Hormis quelques passages comme les paragraphes qui lui sont consacrés dans l’étude d’Anne Doquet intitulée « Des sciences humaines et l’Islam, Une voie de la recherche malienne », peu d’études renseigneraient sur cette partie sombre de sa vie.

Lire la première partie : Du Renaudot (1968) au Goncourt (2021), Les riches heures africaines des Lettres d’expression française – Par Abdejlil Lahjomri

Voici le portrait que l’on trouve dans cette étude, après cette judicieuse remarque : « L’histoire de Yambo Ouologuem et de son Devoir de violence ne connait aucun équivalent et ne peut donc être envisagée comme un modèle sur lequel pourraient être plaquées les autres trajectoires évoquées ».

« Abattu par les critiques françaises et anglo-saxonnes, il ne fut pas accueilli plus chaleureusement au Mali. Où la communauté intellectuelle manifesta son indifférence et ne lui apporta aucun soutien […] Yambo Ouologuem a trouvé refuge dans la prière et la méditation.
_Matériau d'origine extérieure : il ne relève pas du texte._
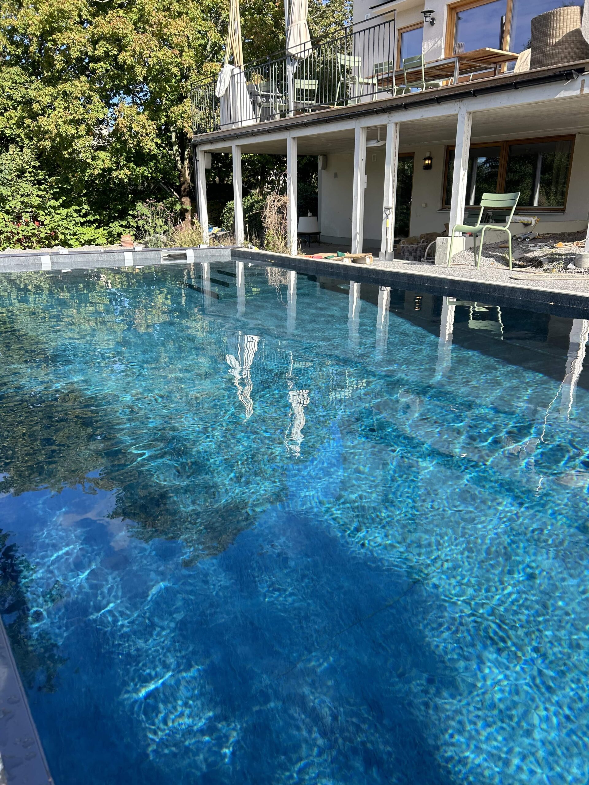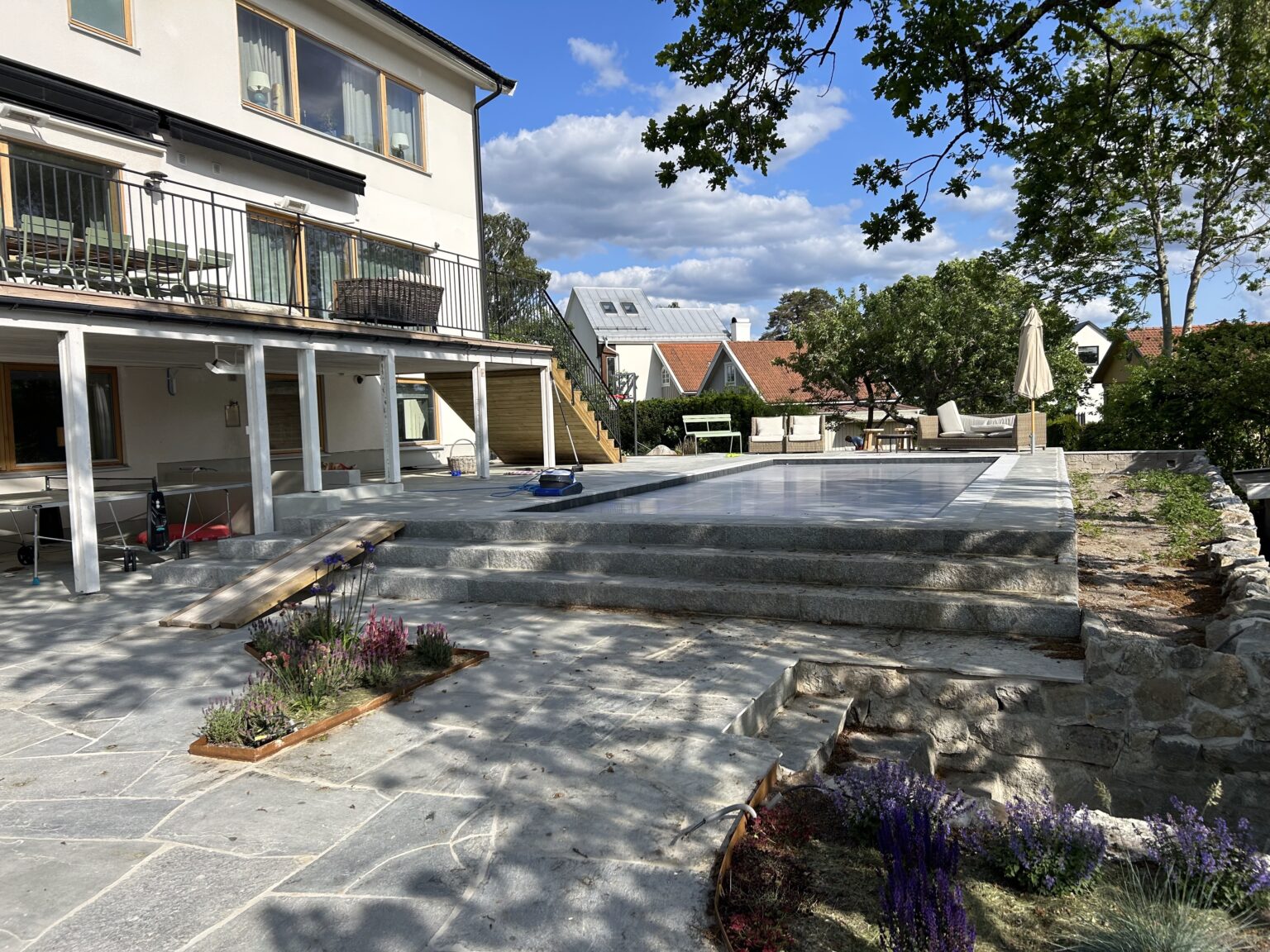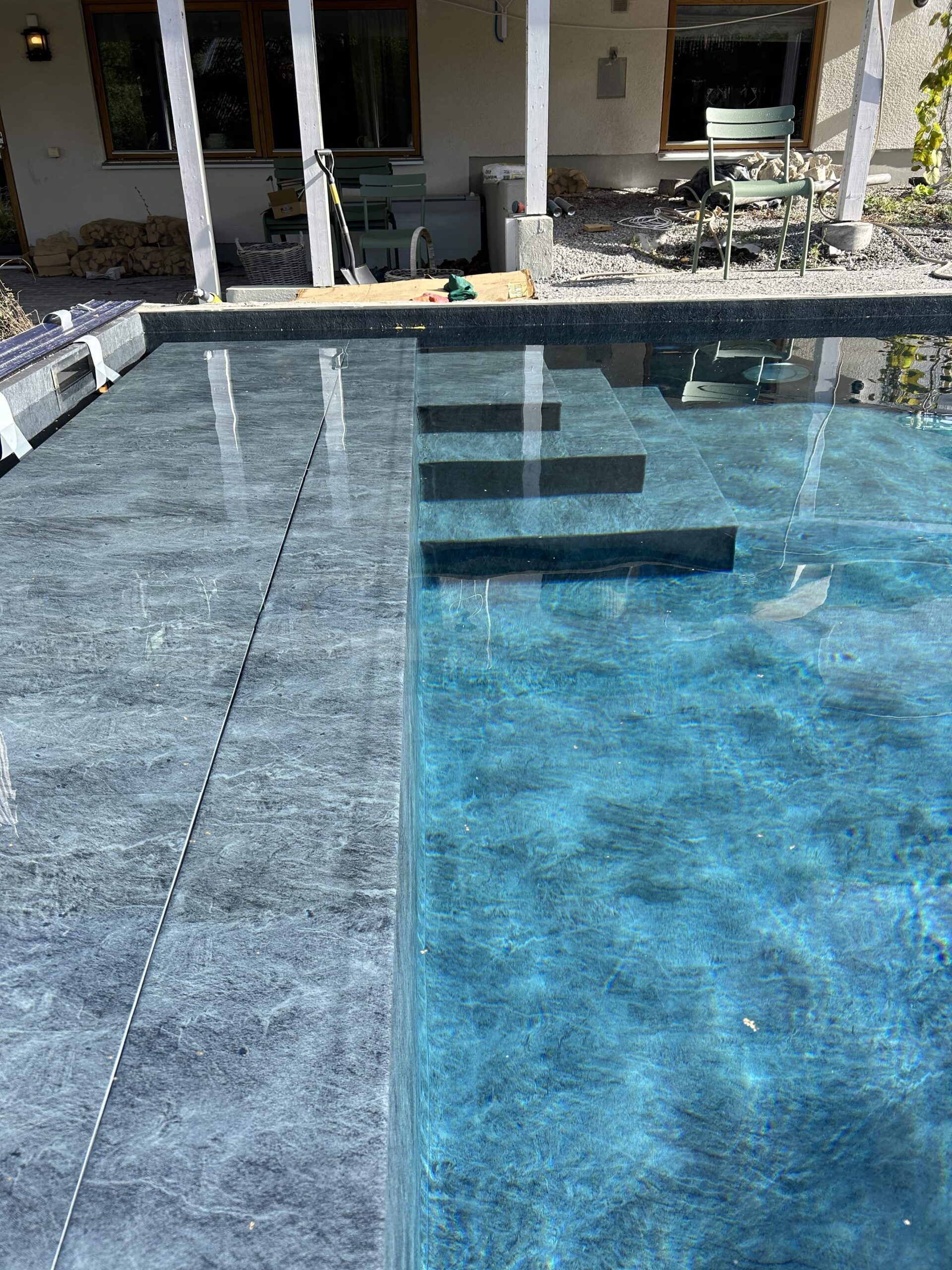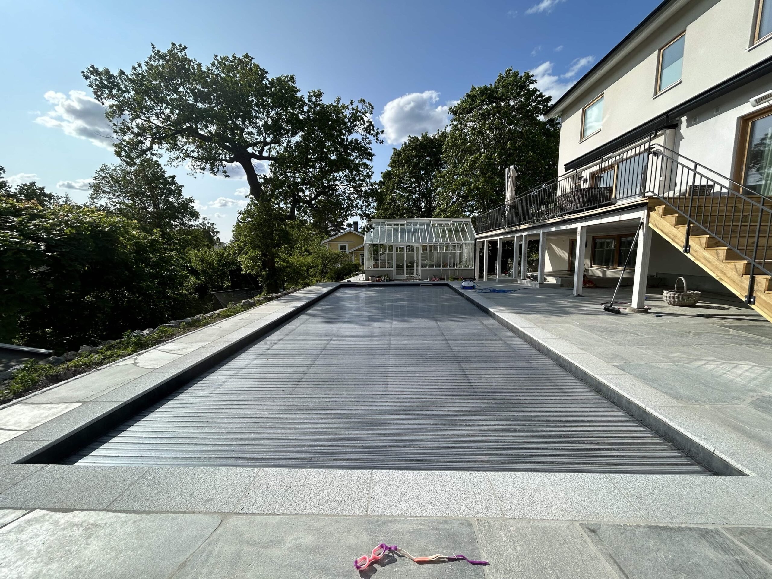 Poolen utrustades med ett inbyggt lamelltäcke i trappan, en specialbyggd kubformad trappa samt svetsad liner Renolit Elegance. Anläggningen kompletterades med en helautomatiserad tekniklösning samt finplanering av tomten med oregelbunden skiffer, uppbyggnad av terrass och gjutning av grund för växthus. Ett projekt där platsens utmaningar blev en förutsättning för ett starkt slutresultat.

Refusant catégoriquement toute discussion relative à son œuvre, et au-delà toute relation avec le monde occidental, il partage son temps entre le domicile de sa mère à Sévaré et la grotte de Déguembéré […] est décrit comme un homme très pieux dont la connaissance en littérature musulmane excède largement celle de ses pairs […] Son abandon dans la foi musulmane peut être lu comme un rachat vis à vis de sa famille paternelle […] Son destin illustre quoi qu’il en soit la double fracture sociale et intellectuelle qu’il subit et le refuge dans la l’islam pour lequel il opta ».

Le nom, dans le Goncourt de 2021, de l’auteur du « Labyrinthe de l’inhumain », qui ressemblerait à l’auteur du Devoir de violence Yambo Ouologuem est Elimane (الايمـــان). FOI.